Posted by Curt on 11 September, 2016 at 4:30 pm. Be the first to comment!



In 2006 I took part in the 2,996 project. A project to have bloggers remember an individual that died on that horrific day 12 years ago. I was assigned Aram Iskendarian. This is a repost of my tribute: (There are still many tributes to be written of those who died that day. I am choosing another one to do today, please consider doing the same and sending me the post to put up.)

I am honored to present my memorial to Aram Iskendarian.

As I’ve spent the last few weeks doing research on this man I came to the realization that I wish I would have known him. He was a natural born leader with a calm exterior and a devoted father and husband to his family. A man I would have looked up to.

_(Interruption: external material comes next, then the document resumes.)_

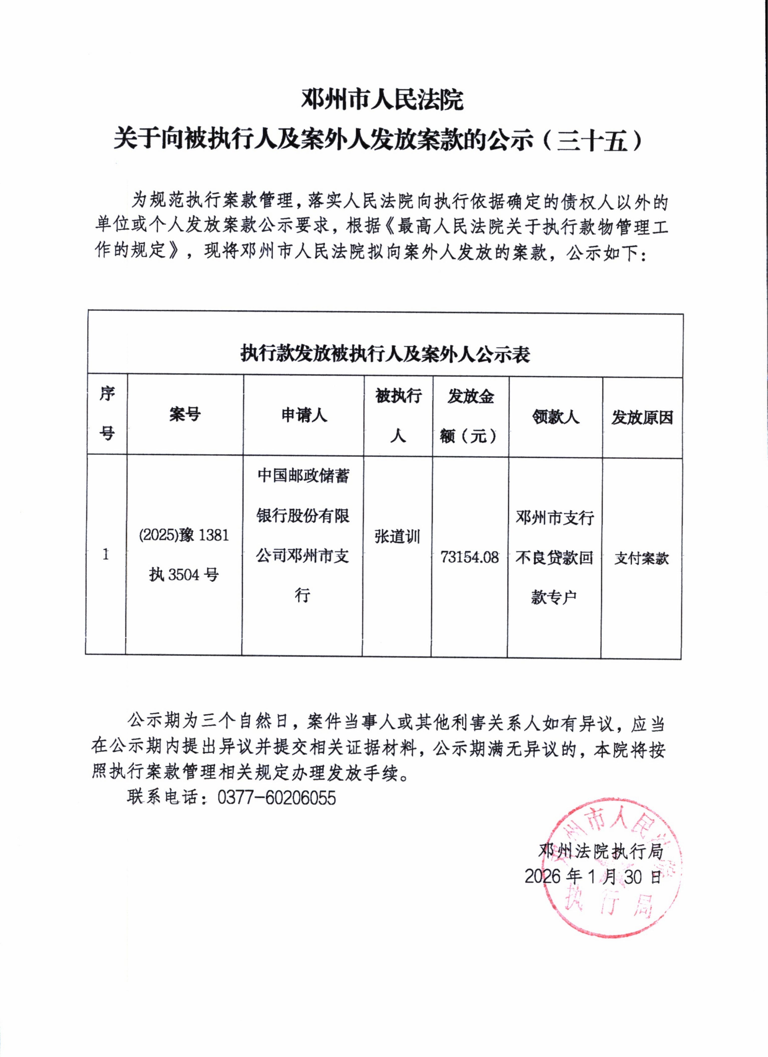 邓州市人民法院关于向被执行人及案外人发放案款的公示(三十五)
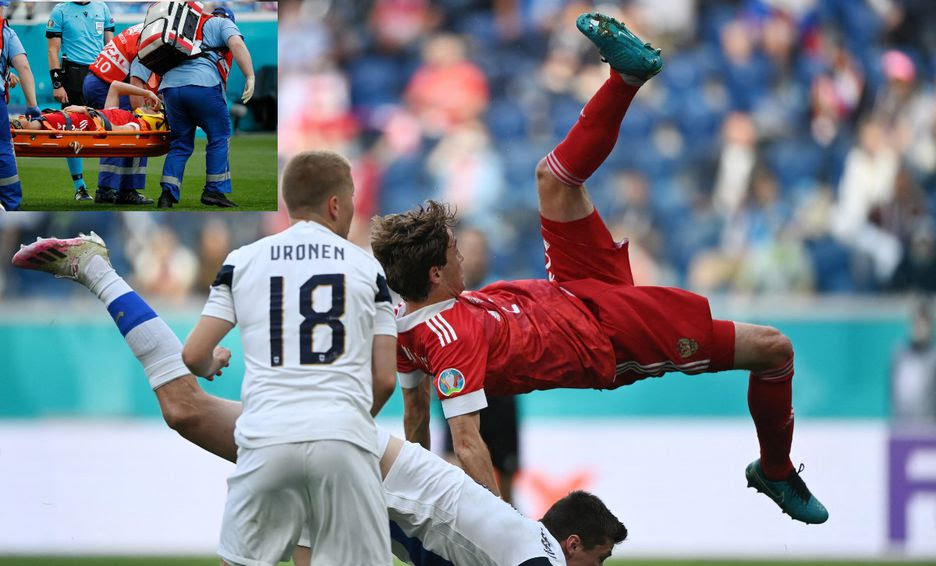 En el juego entre Rusia y Finlandia se paralizaron las miradas luego de que el lateral ruso Mario Fernandes soportara una dura caída. Salió del estadio en camilla, con un cuello ortopédico, y fue hospitalizado. "Mario Fernandes tiene una sospecha de lesión en lo alto de la columna vertebral. Fue llevado a un hospital de San Petersburgo para ser examinado con mayor precisión”, comunicó en primera instancia la selección rusa, pero tras los análisis, se volvió a pronunciar para llevar paz sobre el estado de salud del futbolista.

Aram was 41 the day he died. He was a vice president at Cantor Fitzgerald, where he headed the global risk management group. That day he would have been working on the 101st floor of building 1.

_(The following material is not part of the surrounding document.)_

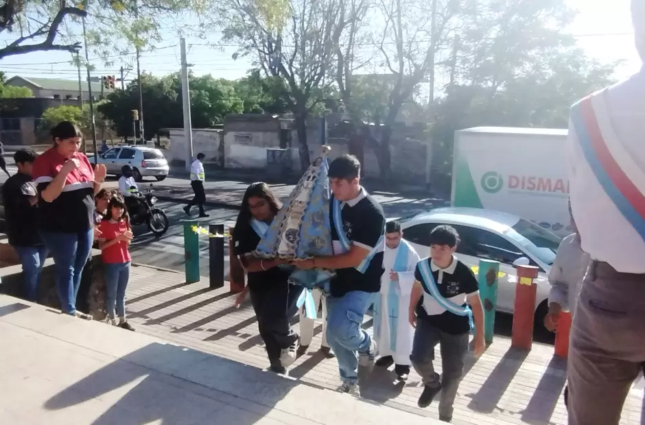 En la puerta del establecimiento educativo, adornado para la ocasión, la esperaban los abanderados y escoltas junto con los directivos, docentes y de demás personal que allí trabaja. Dos jóvenes escoltas de la bandera llevaron a la Madre Morena hasta el altar dispuesto en el ingreso al patio, donde se ubicó la formación de estudiantes, quienes la recibieron con entusiasmo, aplausos y canciones guiadas por los profesores de la escuela.

From the little I have been able to glean about his personal life I’ve learned he was a photobug and apparently always had a camera nearby to take pictures of his wife Sheri and their four children, Meryl, Kara, Alex and Jason.



When I first set out to learn about Aram the first webpage that I came across was this one, in which Sheri leaves a note for her husband:

I miss you more than words can I express. You were the love of my life. The children and I hope that you are at peace and did not suffer. Love Sheri

They were high school sweethearts:

The former Sheri Pearlman met her future husband when both were 15 and sophomores at Lynbrook High School. In a tribute delivered at Iskenderian’s funeral, Sheri’s brother, Ted Pearlman of Syosset, recalled his sister complaining about a boy at school who bothered her and pulled her hair.

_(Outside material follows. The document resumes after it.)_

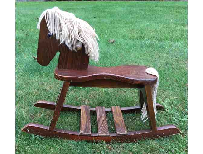 This handmade rocking horse has been enjoyed by many children over the years. A little worn perhaps, it could be refinished, left as is or painted in fun colors.

“Little did we know,” Pearlman wrote, “that this would be the start of a great romance.”

They stayed together through graduation and through college, when he attended the University of Rochester and she was at Tufts in Massachusetts. They were married on Dec. 18, 1983.

Iskenderian was the “epitome of a modern day father” who changed diapers, put his children to bed and taught them about birds, his wife said. The couple has two daughters, Meryl, 11, and Kara, 8.

He gave blood 17 times and was planning to ride in a Sept. 23 bike-a-thon to raise money for a co-worker with multiple sclerosis. Last month, the family’s synagogue, Temple Beth Am in Merrick, held a blood drive in his honor.